A first polarization receiving system for generating a first set of polarizations; a first system corresponding to the multipath copy in response to the set of multipath copies;
A second polarization receiving system for generating a set of second polarizations; and a set of first polarizations corresponding to the multipath copy and a set of second polarizations corresponding to the multipath copy. A first demodulation system for generating first soft-decision data, and a second soft-code responsive to a set of first polarizations for the multipath copy and a set of second polarizations for the multipath copy. A second demodulation system for generating decision data. 7. A searcher for identifying a time offset of a specific multipath copy in a set of first polarizations for the multipath copy and a set of second polarizations for the multipath copy. 7. The system of claim 6, wherein 8. The searcher further comprises: the first demodulation system and the second demodulation system for demodulating either a set of first polarizations for the multipath copy or a second set of polarizations for the multipath copy. 8. A system according to claim 7, wherein said second demodulation system is constituted.
The described system. 9. A system for transmitting a code division multiple access signal, comprising: a first radio frequency processing unit for transmitting a first polarization of the signal; and a second radio frequency for transmitting a second polarization of the signal. A system comprising: a processing unit. 10. The apparatus according to claim 9, wherein the first polarization is orthogonal to the second polarization.

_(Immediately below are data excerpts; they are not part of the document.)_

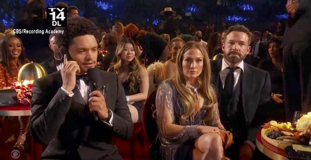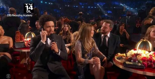 لم يكن لدى الزوجين أي فكرة عن أن عيون العالم كانت عليهما في ذلك الوقت. حيث جلس المضيف تريفور نوح بالقرب منه، متظاهرًا بأنه على الهاتف في المنزل يتحدث عن جرامي.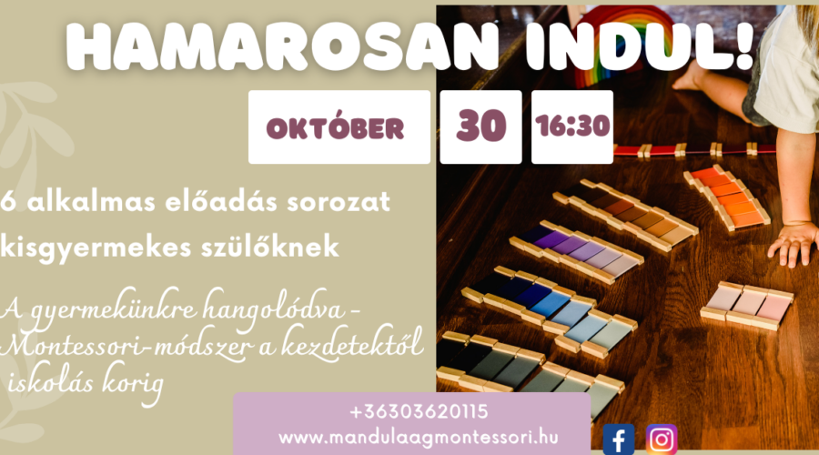 2024.10.30-án 16:30-kor elindítjuk szülőknek szóló 6 alkalmas kurzusunkat. A kurzust Zölei-Szénási Ráhel a Mandulaág Montessori Családi Bölcsőde vezetője, NAMC diplomás Montessori pedagógus tartja.6 alkalmas szülői …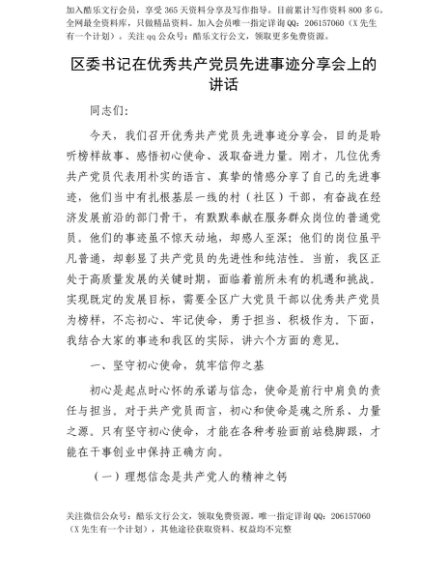 【七哥公文】2025年:【七哥公文】区委书记在优秀共产X员先进事迹分享会上的讲话+更多免费公文+VX:QiGeGongWen2024+更多免费公文+VX:QiGeGongWen2024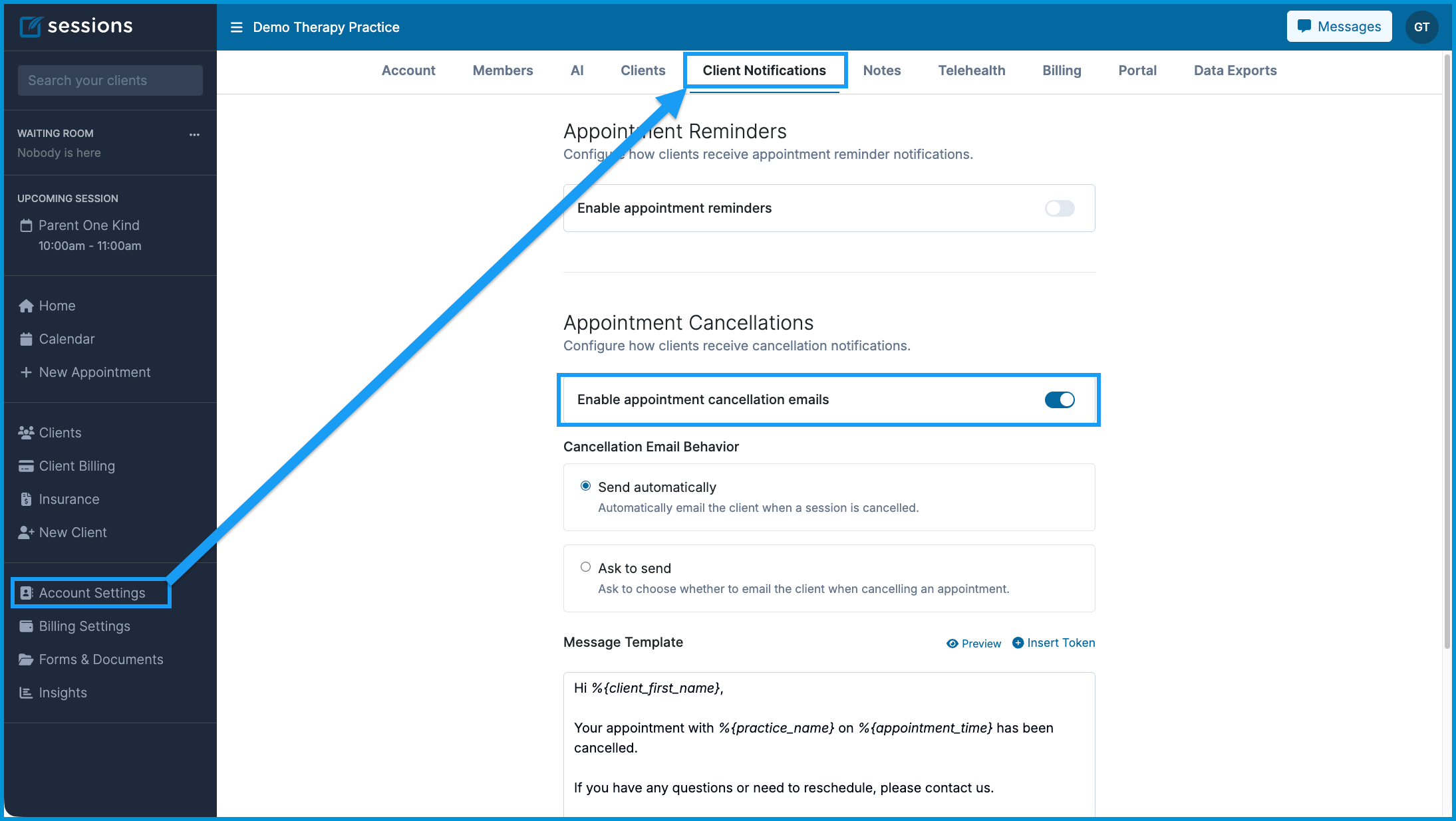 ℹ️ A client’s name combined with their appointment date and time may qualify as Protected Health Information (PHI). Sessions Health sends cancellation emails in a manner consistent with HIPAA privacy and security requirements.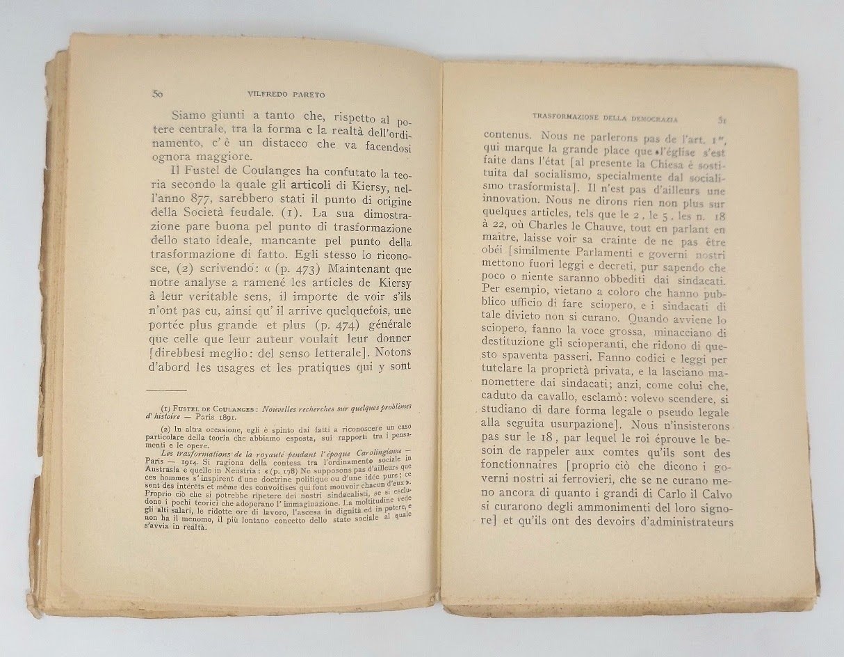 >in-16, pp. 141, (2); broch. edit. Prima edizione collettiva dei 4 articoli pubblicati sulla Rivista di Milano tra il 5 Maggio ed il 20 luglio 1920: ''Generalità'', ''Sgretolamento della Sovranità centrale'', ''Il Ciclo plutocratico'', ''I Sentimenti''. Esemplare con gli ultimi 30 ff. più corti, difetti alla broch.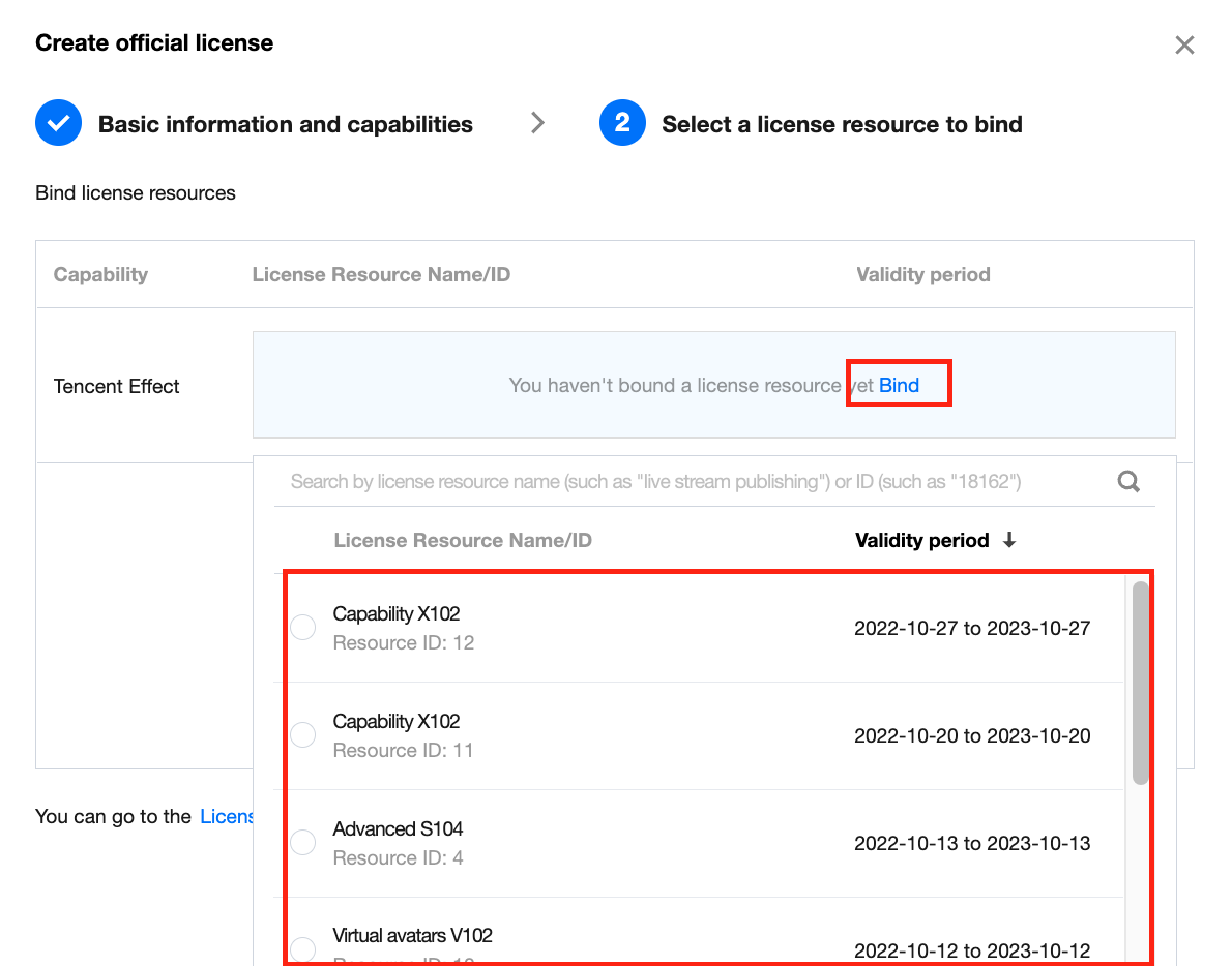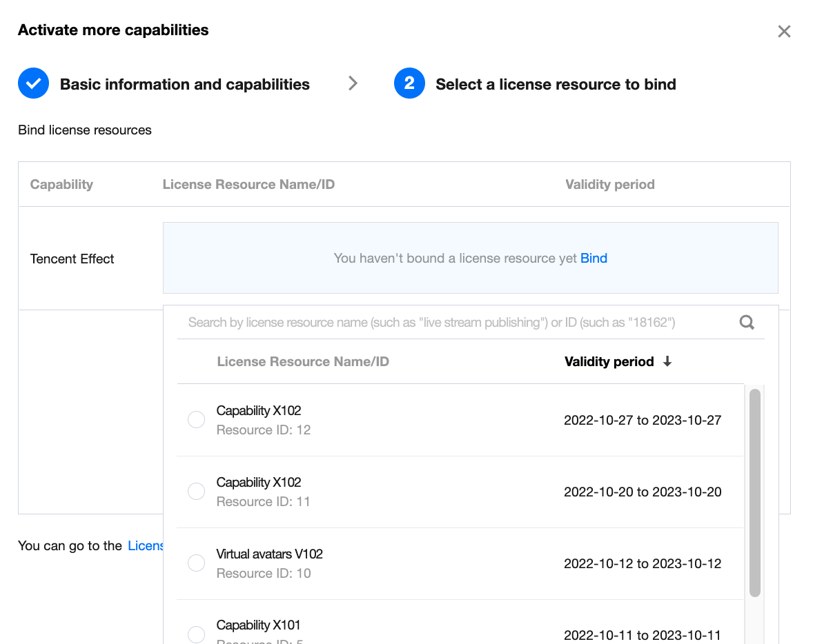 1. License를 바인딩합니다. License를 새 애플리케이션에 바인딩하거나 이를 사용하여 기존 애플리케이션에 Tencent Effect를 활성화할 수 있습니다.

The described system. 11. The first radio frequency processing unit transmits a first polarization of the signal in a first direction, and the second radio frequency processing unit transmits a second polarization of the signal to a second polarization. 10. The system according to claim 9, wherein the transmission is performed in the following directions. 12. The first radio frequency processing unit transmits a first polarization of the signal at a first time offset, and the second radio frequency processing unit transmits a second polarization of the signal for a second time. The system according to claim 9, wherein the transmission is performed with an offset. 13. The first radio frequency processing unit transmits a first polarization of the signal in a first time offset and a first direction, and the second radio frequency processing unit transmits a second polarization of the signal. The system of claim 9, wherein the wave is transmitted in a second time offset different from the first and in a second direction different from the first.